> Work to complete
What is wanted is every line below from the one with "the 4 spot welds" up to and including the one with "Esta mañana otoñal", retyped exactly, pictures excluded, nothing else.

> Record excerpts

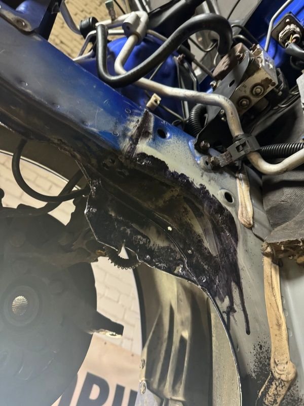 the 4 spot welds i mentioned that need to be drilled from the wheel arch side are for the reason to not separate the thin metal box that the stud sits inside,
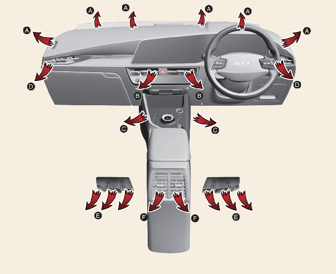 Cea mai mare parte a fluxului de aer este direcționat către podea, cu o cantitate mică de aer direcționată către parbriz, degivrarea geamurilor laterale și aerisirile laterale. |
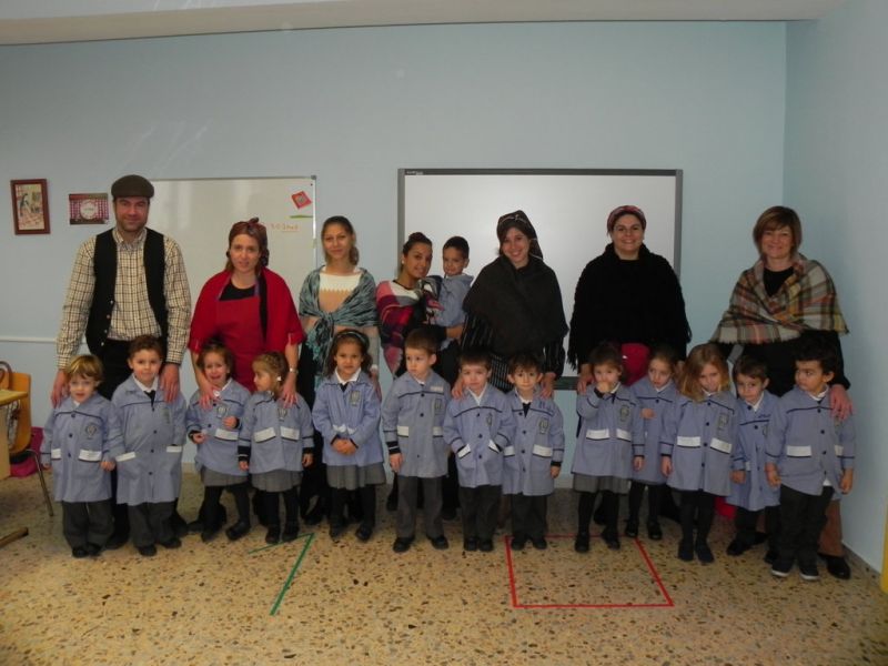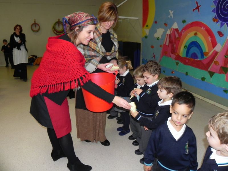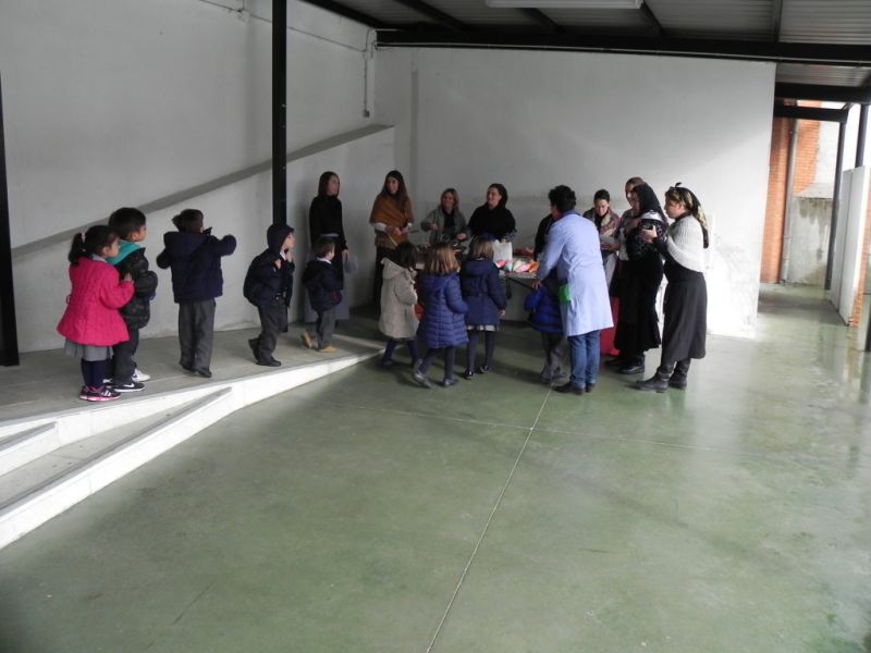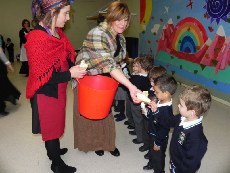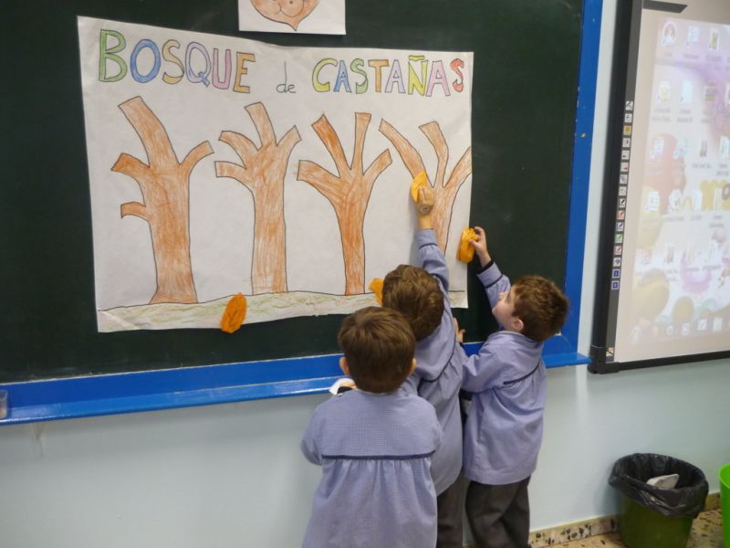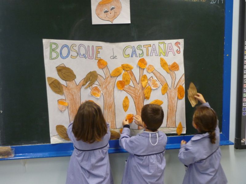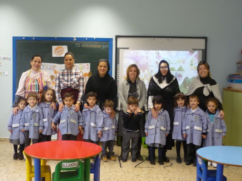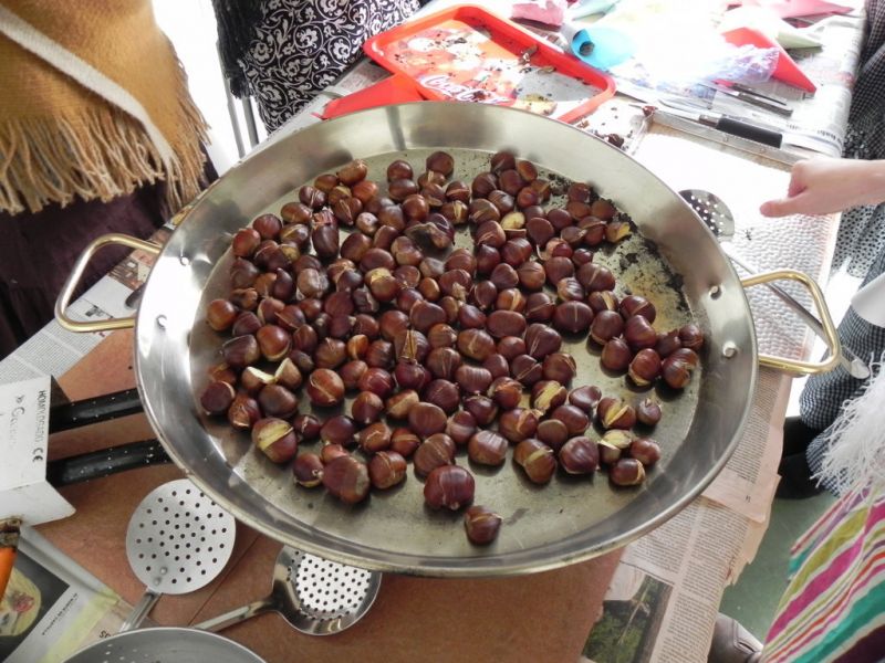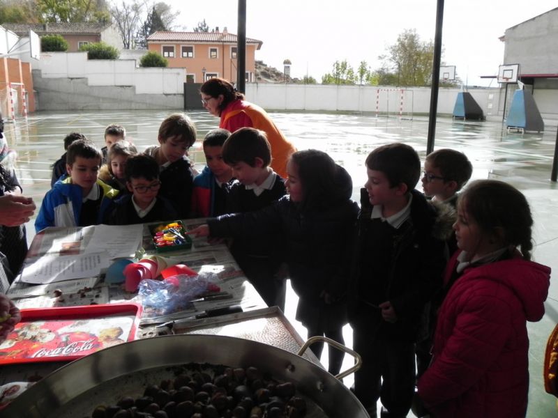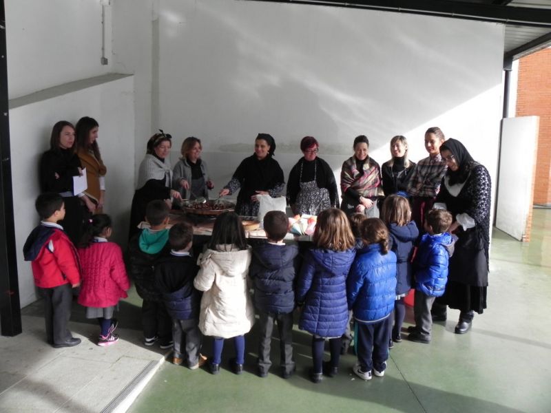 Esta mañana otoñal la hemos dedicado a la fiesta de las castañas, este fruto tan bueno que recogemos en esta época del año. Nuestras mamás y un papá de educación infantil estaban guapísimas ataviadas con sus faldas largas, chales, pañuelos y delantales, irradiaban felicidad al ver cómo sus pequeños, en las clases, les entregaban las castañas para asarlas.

--

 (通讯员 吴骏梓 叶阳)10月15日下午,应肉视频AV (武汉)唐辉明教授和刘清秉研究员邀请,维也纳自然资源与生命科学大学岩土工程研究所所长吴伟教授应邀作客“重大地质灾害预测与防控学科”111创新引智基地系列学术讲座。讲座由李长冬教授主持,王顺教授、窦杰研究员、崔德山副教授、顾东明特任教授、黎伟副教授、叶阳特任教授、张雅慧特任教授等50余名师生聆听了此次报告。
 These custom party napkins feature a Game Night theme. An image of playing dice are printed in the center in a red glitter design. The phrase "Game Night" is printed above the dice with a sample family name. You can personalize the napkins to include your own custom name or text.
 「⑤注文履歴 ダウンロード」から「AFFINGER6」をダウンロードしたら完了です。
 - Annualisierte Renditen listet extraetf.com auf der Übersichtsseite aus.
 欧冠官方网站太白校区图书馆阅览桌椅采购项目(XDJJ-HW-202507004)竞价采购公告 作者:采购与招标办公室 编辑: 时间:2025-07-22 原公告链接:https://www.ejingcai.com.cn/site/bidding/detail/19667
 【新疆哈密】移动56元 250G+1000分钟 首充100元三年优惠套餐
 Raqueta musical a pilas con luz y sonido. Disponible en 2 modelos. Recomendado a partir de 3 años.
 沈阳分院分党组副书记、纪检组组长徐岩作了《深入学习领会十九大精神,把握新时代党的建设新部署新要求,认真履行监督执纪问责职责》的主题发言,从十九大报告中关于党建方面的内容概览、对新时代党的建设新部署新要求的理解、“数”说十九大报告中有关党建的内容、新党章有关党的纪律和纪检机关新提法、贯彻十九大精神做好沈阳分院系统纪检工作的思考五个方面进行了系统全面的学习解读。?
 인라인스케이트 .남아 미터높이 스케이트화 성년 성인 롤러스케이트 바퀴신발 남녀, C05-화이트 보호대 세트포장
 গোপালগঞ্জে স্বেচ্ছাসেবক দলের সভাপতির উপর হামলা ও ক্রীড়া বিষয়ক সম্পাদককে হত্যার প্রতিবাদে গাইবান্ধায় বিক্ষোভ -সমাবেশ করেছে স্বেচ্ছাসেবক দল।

> Written reply
 the 4 spot welds i mentioned that need to be drilled from the wheel arch side are for the reason to not separate the thin metal box that the stud sits inside,
 Cea mai mare parte a fluxului de aer este direcționat către podea, cu o cantitate mică de aer direcționată către parbriz, degivrarea geamurilor laterale și aerisirile laterale. |
 Esta mañana otoñal la hemos dedicado a la fiesta de las castañas, este fruto tan bueno que recogemos en esta época del año. Nuestras mamás y un papá de educación infantil estaban guapísimas ataviadas con sus faldas largas, chales, pañuelos y delantales, irradiaban felicidad al ver cómo sus pequeños, en las clases, les entregaban las castañas para asarlas.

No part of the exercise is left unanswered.